Segment Start: Material supplied
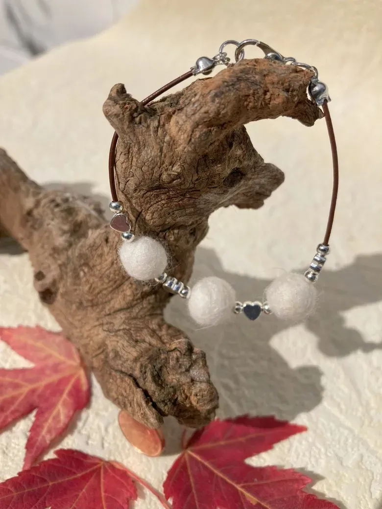 Armband aus Leder mit drei Fellkugeln, Zierperlen und Herz-Charms mit Schließe
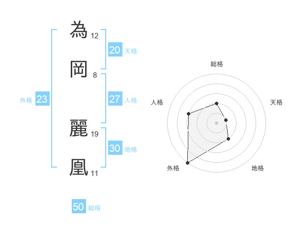 為岡 麗凰さんを姓名の画数から五運を鑑定
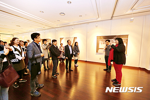 【서울=뉴시스】27일 서울 금천구 금나래아트홀갤러리에서 ‘예술, 다른 예술을 만나다’라는 주제로 열린 사회적경제 패션봉제 사진전에서 프랑스 사진작가인 울라 레이머가 설명을 하고 있다. 2016.10.27. (사진=금천구 제공)
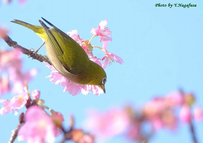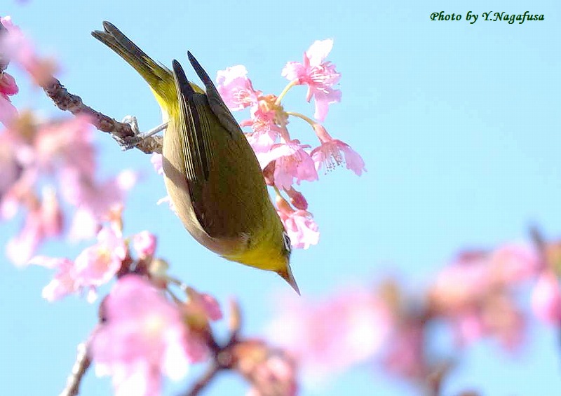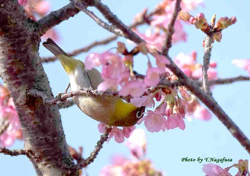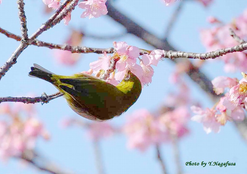この日、河津桜に数羽のメジロが来ていました。
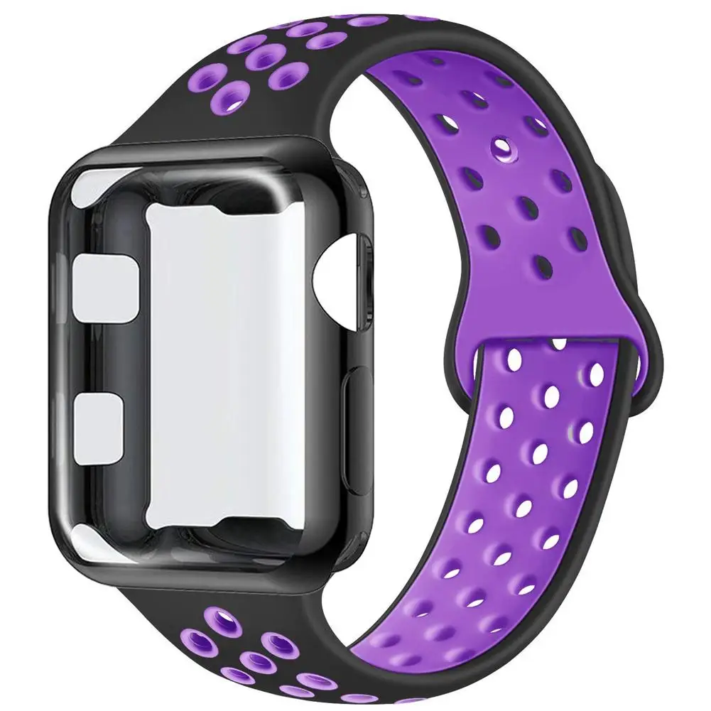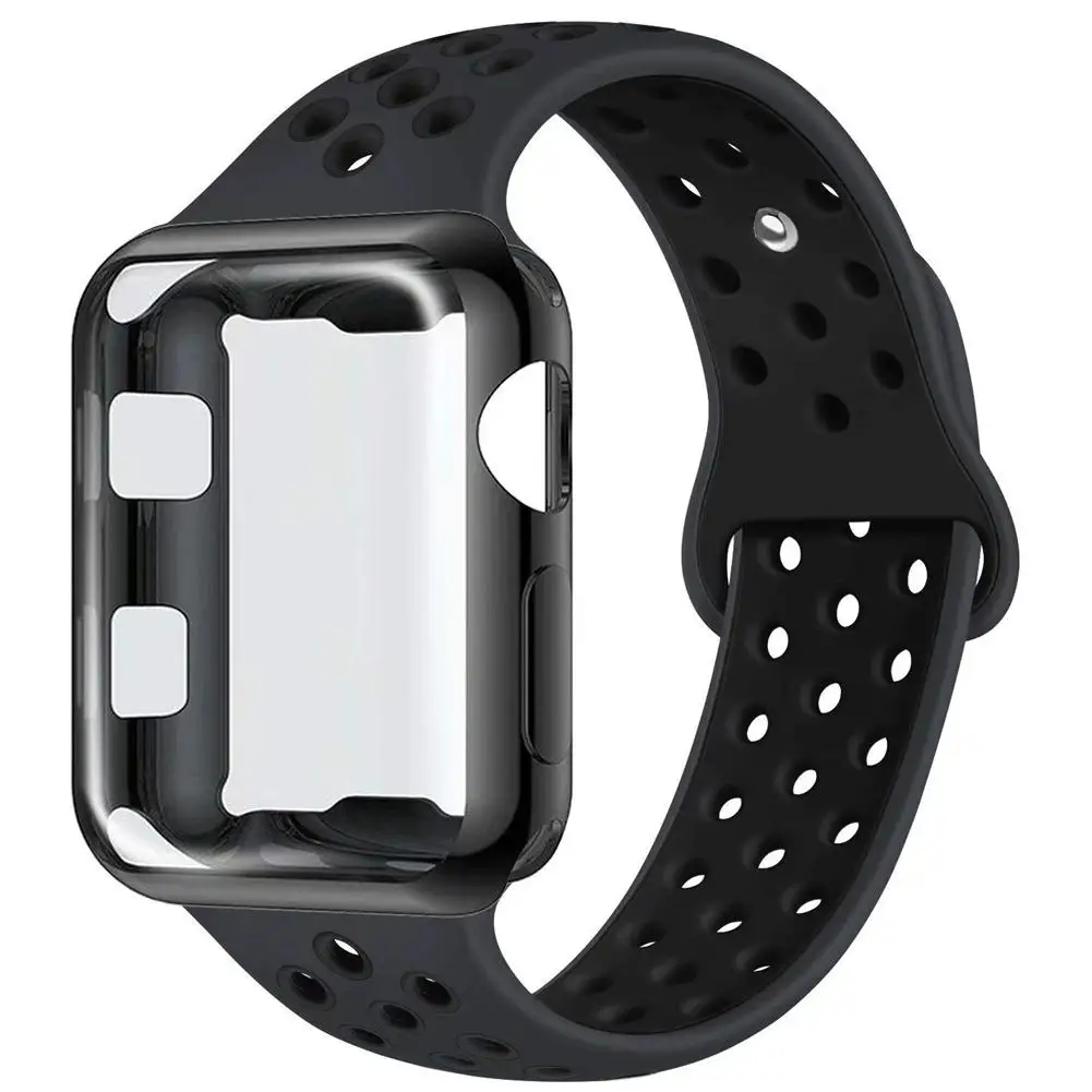 2. Силиконовый ремешок с чехлом подходит для Apple Watch серии 4/3/2/1. Ремешок изготовлен из высококачественного силикона, легкий, удобный, дышащий и имеет отличные ощущения от руки. Спортивный ремень iwatch отличается высокой прочностью и износостойкостью, пыленепроницаемостью, водонепроницаемостью и защитой от пота.
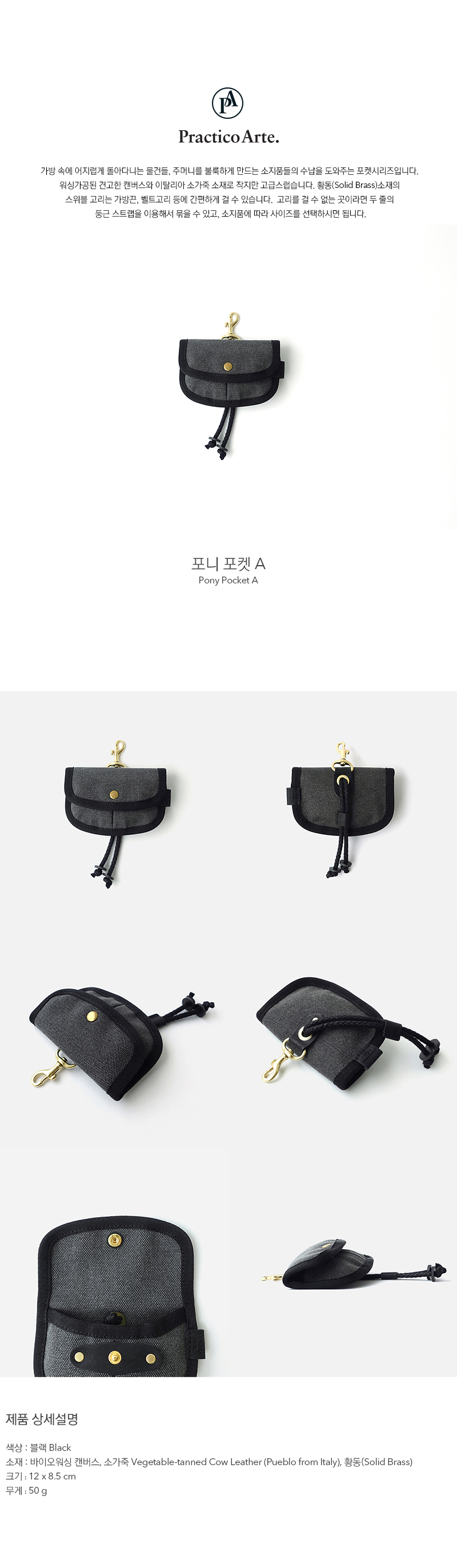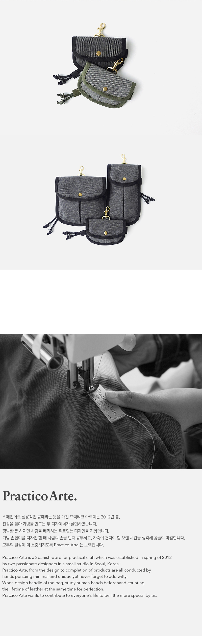 | 가방 속에 어지럽게 돌아다니는 물건들, 주머니를 불룩하게 만드는 소지품들의 수납을 도와주는 포켓시리즈입니다. 워싱가공된 견고한 캔버스와 이탈리아 소가죽 소재로 작지만 고급스럽습니다. 황동(Solid Brass)소재의 스위블 고리는 가방끈, 벨트고리 등에 간편하게 걸 수 있습니다. 고리를 걸 수 없는 곳이라면 두 줄의 둥근 스트랩을 이용해서 묶을 수 있고, 소지품에 따라 사이즈를 선택하시면 됩니다. 프렉티코 아르떼는 정성스런 수공예로 소량 생산하는 브랜드입니다. |
Segment End: Material supplied
> **What you should do**
Starting from the line that has "2. Силиконовый ремешок" and ending at the last line of the material above, every line should be output exactly; pictures are dropped and nothing else appears.

> **Solution**
 2. Силиконовый ремешок с чехлом подходит для Apple Watch серии 4/3/2/1. Ремешок изготовлен из высококачественного силикона, легкий, удобный, дышащий и имеет отличные ощущения от руки. Спортивный ремень iwatch отличается высокой прочностью и износостойкостью, пыленепроницаемостью, водонепроницаемостью и защитой от пота.
 | 가방 속에 어지럽게 돌아다니는 물건들, 주머니를 불룩하게 만드는 소지품들의 수납을 도와주는 포켓시리즈입니다. 워싱가공된 견고한 캔버스와 이탈리아 소가죽 소재로 작지만 고급스럽습니다. 황동(Solid Brass)소재의 스위블 고리는 가방끈, 벨트고리 등에 간편하게 걸 수 있습니다. 고리를 걸 수 없는 곳이라면 두 줄의 둥근 스트랩을 이용해서 묶을 수 있고, 소지품에 따라 사이즈를 선택하시면 됩니다. 프렉티코 아르떼는 정성스런 수공예로 소량 생산하는 브랜드입니다. |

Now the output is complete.